I was perplexed when I first learned that Savannah, Georgia has the second largest St Patrick’s Day festivities in the USA. “Really, Savannah?” I said to myself, “Isn’t this city a classic southern belle, with moss covered oak trees and historic squares?” It wasn’t until I arrived in Savannah that I realized this belle has a wild side. Although I wasn’t there for St Patrick’s Day itself, it quickly became apparent to me that there is something starkly different about Savannah than say the so-called holy city of Charleston, which we had just visited.

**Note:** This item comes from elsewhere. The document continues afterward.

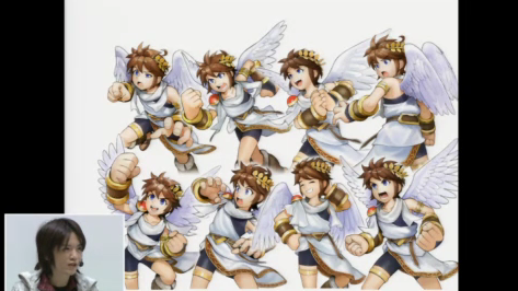 Sakurai showed artwork of Pit, the main character and bosses such as Medusa. He then went through two stage demos: an air battle demo, which Sakurai likened to Space Harrier as Pit flew around the screen shooting things, and the land battle demo, where Pit went through the level fighting against enemies and eventually the Medusa boss.

The realization first occurred to me as we were leaving our first stop, Moon River Brewing Company, Savannah’s only brewpub. The bartender asked if we’d like anything to go. Of course I assumed she meant a six pack or growler of the beer we had just sampled, which would be a typical question in a brewery. Since we had about 3 to 4 fours of walking through Savannah’s streets ahead of us, we declined and went on our way. Except as we made our way through town, every second or third person was walking around with a plastic cup….and they all looked peculiarly happy. Well we may not be bright, but we’re not completely dim-witted and we quickly realized that public drinking is at least accepted, if not entirely legal, in Savannah. Upon further investigation we learned that Savannah’s historic district is one of few places in the US where consumption of open containers of alcohol is permitted, as long as the container is plastic and no more than 16 ounces. I was more than a little surprised, since I have always thought of Savannah as a fairly conservative city. It may be that the vast majority of those indulging in this freedom of consumption are tourists, but nevertheless, it makes Savannah a much louder and…boozier place to be.

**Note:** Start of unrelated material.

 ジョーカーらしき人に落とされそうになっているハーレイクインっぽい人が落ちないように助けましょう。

Now on to the main reason we were there, to check out Savannah’s moss covered oak trees and historic squares! Savannah’s 22 squares are all free and all very beautiful, with massive old trees, lots of green space, and various monuments scattered across them. All the squares are in walking distance of one another so seeing all is certainly doable, but I would recommend starting at the waterfront and making your down Bull Street to Forsyth Park to catch some of the most significant squares and monuments. You will find monuments to a wide variety of historic individuals hailing from Savannah ranging from John Wesley, the founder of Methodism, to Juliette Gordon Low, the founder of the Girl Scouts. You can get a lot more info about each of Savannah’s squares here.

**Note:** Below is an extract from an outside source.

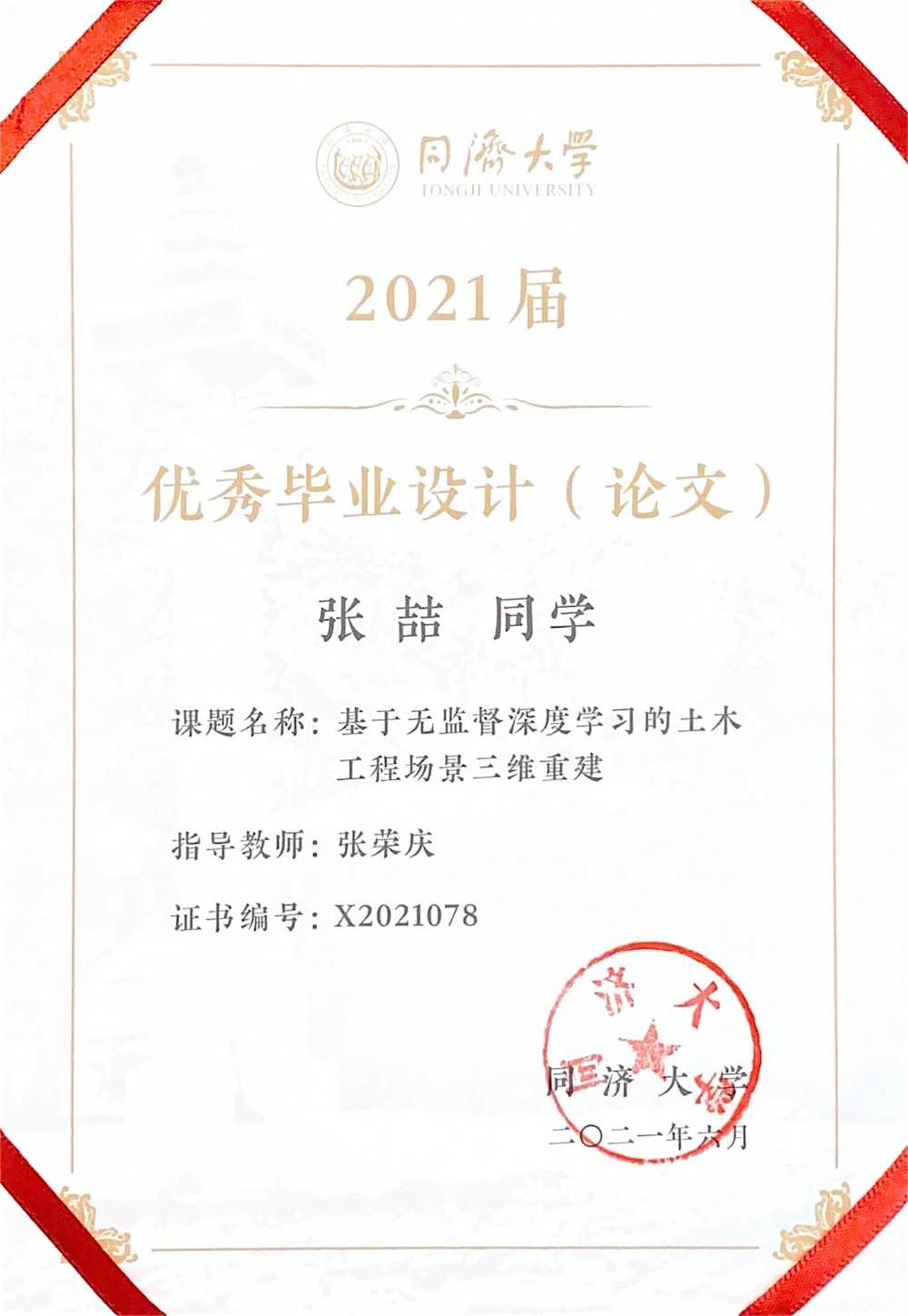 同济大学2021届本科毕业生;工学学士;上海市优秀毕业生;追求卓越学生奖获得者(校最高奖);GPA: 4.79/5.00,综合排名1st/212;第一届人工智能辅修唯一满绩结业

While unfortunately we did not really get to eat in Savannah because we were so stuffed with Charleston BBQ, I recommend you check out these great dining tips and also a top 10 list of things to do (both two parts) for great advice. We did, however, stroll along River St and the waterfront and sampled some amazing freshly made pralines and salt water taffy. While I could live without the taffy, the pralines are to die for — trust me on this! You can’t miss the huge candy shop by the waterfront.
Have you visited Savannah? Did anything surprise you?